A barbárie provocada por uma organização terrorista (o Hamas), apoiada por regimes onde não impera a democracia, mas a sonegação dos direitos humanos, e que matou inocentes, estropiou seres humanos, vandalizou habitáculos de vida humana, invadiu território à lei das armas e da catana.

O genocídio provocado pelos líderes israelitas, acolitados pela extrema-direita que estava à beira da vitória eleitoral, que bombardeia indiscriminadamente civis, mulheres frágeis e crianças, assassina filhos de um deus menor em campos de refugiados, destrói à lei da bomba edifícios e habitações precárias, inviabiliza o acesso à água e aos alimentos, destrói hospitais (como é possível?) e caminhos de acesso para socorro dos feridos.

A atitude esclarecedora e humanista do secretário-geral das Nações Unidas, António Guterres, que compreende que uma vida é uma vida, e que não há crianças de primeira e de segunda, nem civis como se fossem militares, é atacada por teóricos da guerra, por quem não compreende que a razão, mesmo vencida, não deixa de ser razão.

Ucrânia e Médio Oriente

No caso da guerra contra a Ucrânia, todas as pessoas de boa fé e racionalidade, sendo contra a invasão da Ucrânia pela Rússia, lamentavam (e lamentam) todos os mortos resultantes do conflito armado e da prepotência de uma superpotência, Estranhamente, agora no Médio Oriente, há pessoas que são contra a bestialidade provocada pelo Hamas, mas também são favoráveis à retaliação, promovendo o “Viva la muerte” dos inocentes como apocalipso, com estímulo ao direito de matar e ao ódio entre pessoas que são pessoas, não são animalescos.

Crimes de guerra são crimes de guerra, sejam cometidos em nome da religião e da convicção, da história e da tradição, da política e do radicalismo, da soberba e do arbítrio, ou do domínio e do património.

Nem os reféns dos terroristas em risco de vida, nem os civis palestinianos encurralados num palmo de terra e bombas a cair, são “danos colaterais”. São vítimas de genocidas alucinados e gente sem escrúpulos, que os consideram um objecto sem valor, uma coisa ambulante, uma peça descartável no xadrez político.

É preciso um cessar fogo, o acesso à ajuda humanitária das vítimas da guerra, a diplomacia com e sem punhos de renda, a construção de uma nova ordem política regional, em que os interesses da paz e do desenvolvimento se sobreponham aos interesses geoestratégicos, na dominação do mundo, do petróleo e de outras riquezas que geram ambição, poder e… morte.

Tem de haver solução para um conflito que não passe pelo elogio da morte.

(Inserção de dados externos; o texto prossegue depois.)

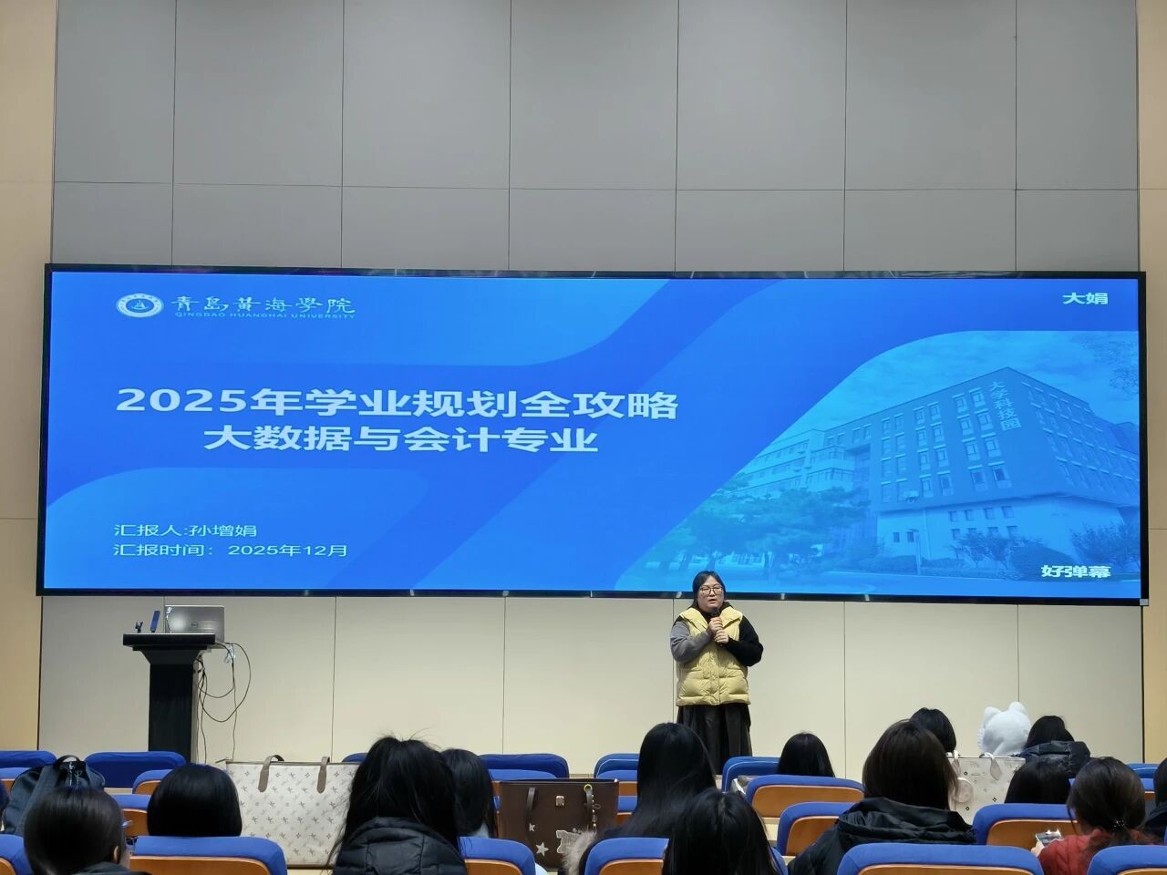 为引导新生科学规划大学生涯,明确专业学习方向,12月7日晚,由学院精心组织的“2025年学业规划全攻略——大数据与会计专业专题报告会”在知行楼434报告厅成功举行。本次报告会由丰富教学与学生指导经验的教学主任孙增娟担任主讲,为同学们带来了一场内容丰富、务实启发的学业导航。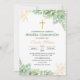 L'Invitation aimait les personnes à la première communion de votre enfant avec cette invitation ornée de feuilles verts et d'une croix. Parfait pour les garçons et les filles, cette invitation magnifiquement conçue donne le ton d'une célébration mémorable. Invita a tus seres queridos a la Primera Comunión de tus hijos con esta invitación adornada con hojas verdes y una cruz. Perfecta para niños o niñas, esta invitación bellamente maladie anunciará una Celación mémorable.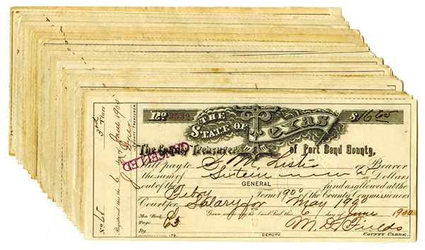 An assortment of Country Treasurer of Fort Bend County bearer checks for various amounts, all dated 1896-1902, cancelled and paid. Generally Very Fine condition.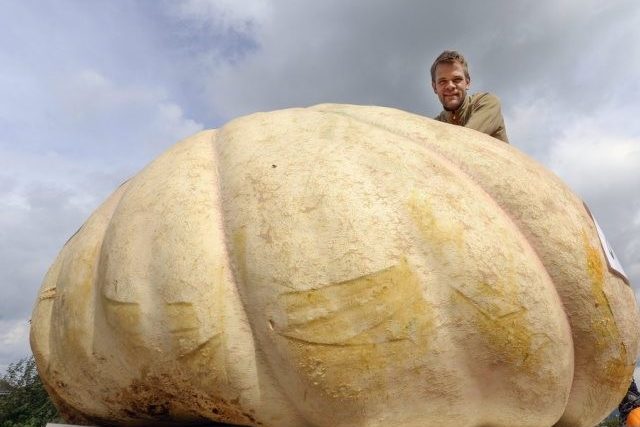 Züchter Beni Meier habe mit dem dicken Ding zum dritten Mal hintereinander seinen eigenen Europa- und Weltrekord gebrochen, teilten die Veranstalter in der deutschen Stadt Ludwigsburg am Sonntag mit. Die Deutsche Meisterschaft vor einer Woche hatte ein Kürbis aus Sachsen mit 699 Kilo gewonnen.

A existência de 2 Estados, o Estado de Israel e o Estado da Palestina, com fronteiras definidas por acordos que envolvam a comunidade internacional, centrada nas Nações Unidas, que não são folclore, mas são força motriz do consenso e da paz, é imperiosa, urgente e inadiável (há reconhecimento de 2 Estados pela maioria dos países do mundo, mas não há atitude frontal de aplicação).

Mahatma Gandhi dizia “Não há caminho para a paz. A paz é o caminho”. Não é essa a postura dos senhores da guerra, que se baseiam nos dividendos, no destilar verrinoso, na violência atroz, na inumanidade feroz. É preciso acreditar que há uma solução que passa pela vida.